Unhinged, which follows his cabaret salute to Jacques Brel, Noel Coward and others at the same Kloof venue last weekend, rates as yet another thumbs-up.
Elegant but informal, endlessly quirky and unpredictable, always satisfying, it is cabaret offering a mix of offbeat and amusing songs in its first half and a more varied selection of music, both comedic and commercial, in the second.
A writer, director, composer, brilliant pianist and beguiling singer with a quick wit and oodles of charisma, Johnson has a knack for rearranging songs in a way that infuses them with freshness while accentuating lyrics, some of which he changes for fun.
In Unhinged, while showcasing deft keyboard skills, Johnson yo-yos between aching poignancy and things camp and quirky, seated at a black piano, against a simple backdrop of black curtaining, on a gently lit stage.
His show opens with a jaunty rendition of the usually plaintive Can’t Help Lovin’ Dat Man, from Showboat, then careers into clever camp with Tom Lehrer’s amusing Masochism Tango and the equally tongue in cheek My Shattered Illusions.
In the first half you will also come across a bit of acting – Johnson as enigmatic concerned citizen, Nugent Stein, who forever tries to find a woman who dumped him, one Cheryl, who now likes to go as Cherelle.
This seques into a series of fun songs, one highlighting a meeting with The Pope, another discussing 21st century blues. We also get the loopy I’m Not Gonna Sing That Song, in which we get brief snippets from Someone Like You, I Dreamed a Dream, YMCA and All That Jazz.
The fun makes way for the slower, haunting, poetic Leonard Cohen classic, Famous Blue Raincoat, before we go into a song about the marriage of feminine and masculine, and an amusing I Love Paris.
Johnson views the second half as more of a ‘karaoke request’ session – asking audience members to shout out requests which he may or may not play. I got to hear one of my requests – Brel’s Port of Amsterdam – but would have loved to have heard Johnson’s slow interpretation of Prince’s When Doves Cry again, as he performs it brilliantly.
The song list may change with the requests element, but other items performed on opening night included a superb version of David Bowie’s Life on Mars (loved the fists-on-piano-keys moments), a rearranged Nature Boy, a lyrically reworked Cell Block Tango, and a great delivery of The Boomtown Rats hit, I Don’t Like Mondays, made more haunting with Johnson’s clear diction emphasising the unsettling lyrics.

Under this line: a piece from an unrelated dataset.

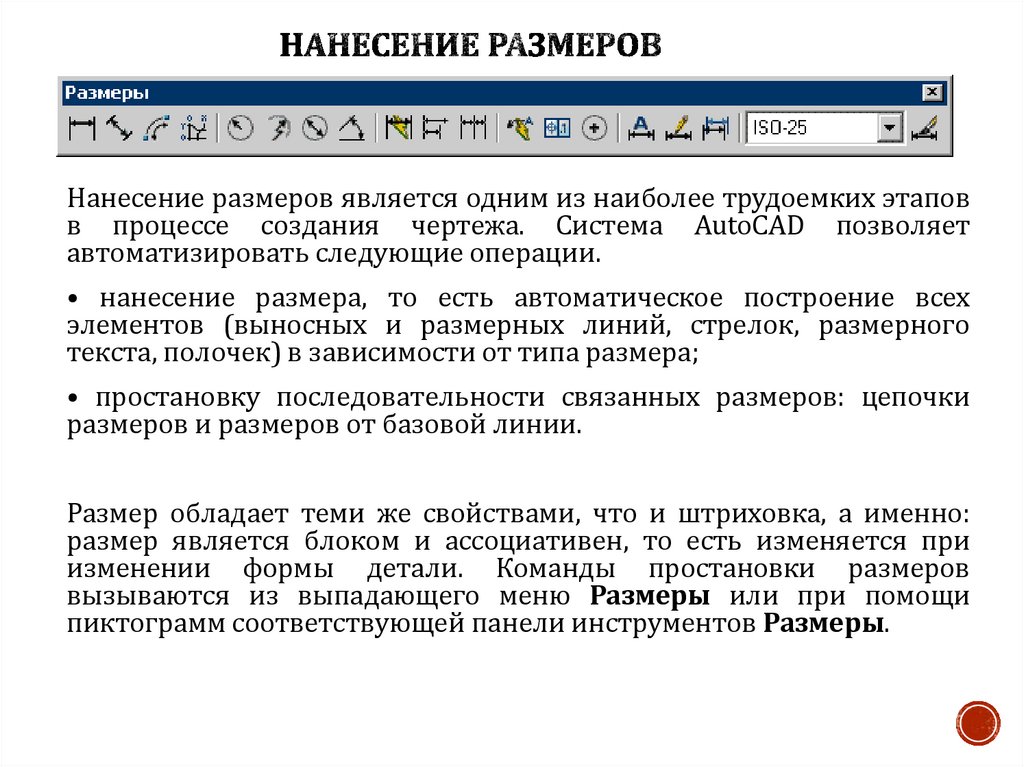 размер, выноска, допуск, штриховка, вхождение блока или внешней ссылки,

Another favourite was the melancholic delivery of the usually upbeat Bronski Beat hit from 1984, Smalltown Boy. Also of note were a hell-for-leather delivery of The Minute Waltz, set to music by Chopin, and a great closing moment in a moving, unhurried delivery of The Rose.
To give a bit more background info, Johnson broke new ground with the acclaimed one-man play, Vasla, co-written with and directed by Lara Bye. He also composed the music for the 2015 Pieter-Dirk Uys musical, Die Van Aardes van Grootoor; and has performed hundreds of cabarets countrywide.
Unhinged has final performances at 8pm today (Saturday, September 29) and 2pm tomorrow (Sunday, September 30).
Tickets cost R150 each (R130 for pensioners and students with cards). Also available is a Family Pack: R300 for two adults, with two chldren admitted free. Booking is at Computicket or by phoning Roland Stansell at 082 499 8636.
Note that no food is permitted at the Tina’s Hotel theatre, where the venue opens 60 minutes before the show. Beverages have to be bought at the theatre pub and food is available at the hotel restaurant before the show.